## WORK REQUIRED:
Leaving out the pictures, output the lines from the one that contains "阵容站位:卑尔维斯站最肉的前" through the end of the material, exactly as they stand.
.....
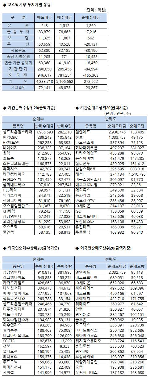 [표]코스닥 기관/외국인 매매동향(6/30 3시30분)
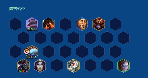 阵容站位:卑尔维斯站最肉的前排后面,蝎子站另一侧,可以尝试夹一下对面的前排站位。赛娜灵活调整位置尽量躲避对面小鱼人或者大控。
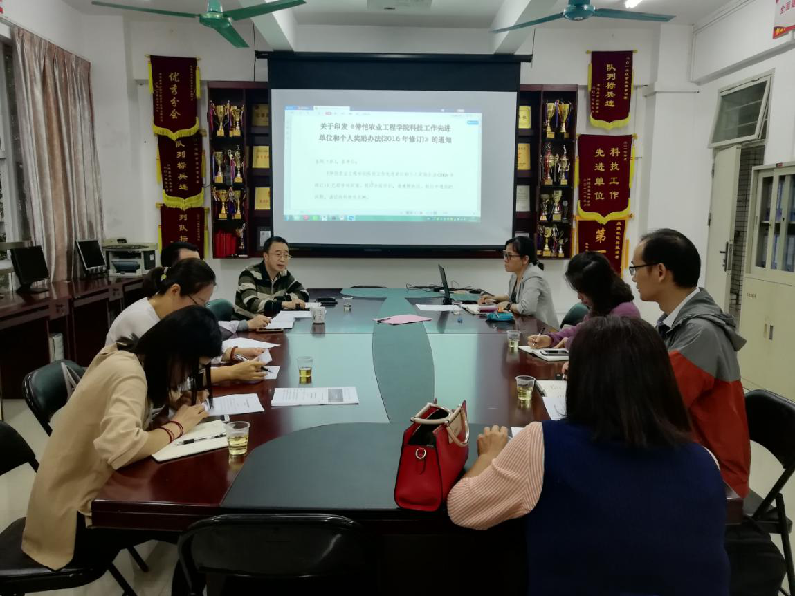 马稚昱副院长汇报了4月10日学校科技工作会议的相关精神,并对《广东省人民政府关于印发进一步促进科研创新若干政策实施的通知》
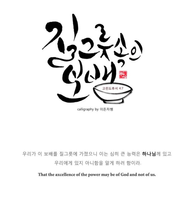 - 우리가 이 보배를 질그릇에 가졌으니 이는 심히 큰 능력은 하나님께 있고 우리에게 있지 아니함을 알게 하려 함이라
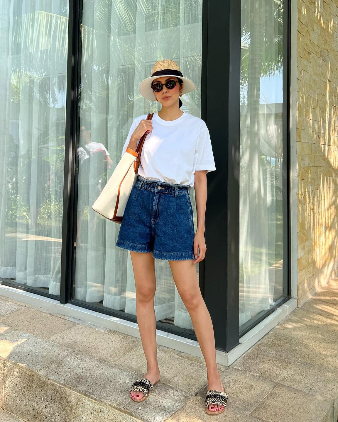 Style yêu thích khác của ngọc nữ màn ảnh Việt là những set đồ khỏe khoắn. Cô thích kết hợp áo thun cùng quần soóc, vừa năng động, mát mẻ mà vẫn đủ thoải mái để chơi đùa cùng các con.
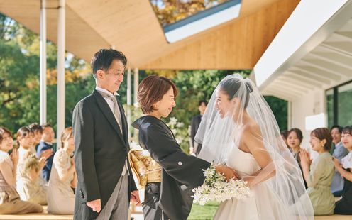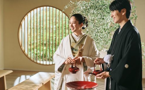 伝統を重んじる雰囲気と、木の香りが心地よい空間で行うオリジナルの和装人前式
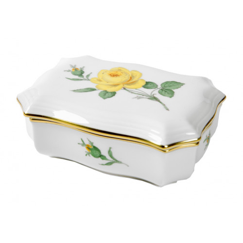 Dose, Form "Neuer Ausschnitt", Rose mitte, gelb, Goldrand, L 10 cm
.....
## ANSWER FOR THE TASK:
 阵容站位:卑尔维斯站最肉的前排后面,蝎子站另一侧,可以尝试夹一下对面的前排站位。赛娜灵活调整位置尽量躲避对面小鱼人或者大控。
 马稚昱副院长汇报了4月10日学校科技工作会议的相关精神,并对《广东省人民政府关于印发进一步促进科研创新若干政策实施的通知》
 - 우리가 이 보배를 질그릇에 가졌으니 이는 심히 큰 능력은 하나님께 있고 우리에게 있지 아니함을 알게 하려 함이라
 Style yêu thích khác của ngọc nữ màn ảnh Việt là những set đồ khỏe khoắn. Cô thích kết hợp áo thun cùng quần soóc, vừa năng động, mát mẻ mà vẫn đủ thoải mái để chơi đùa cùng các con.
 伝統を重んじる雰囲気と、木の香りが心地よい空間で行うオリジナルの和装人前式
 Dose, Form "Neuer Ausschnitt", Rose mitte, gelb, Goldrand, L 10 cm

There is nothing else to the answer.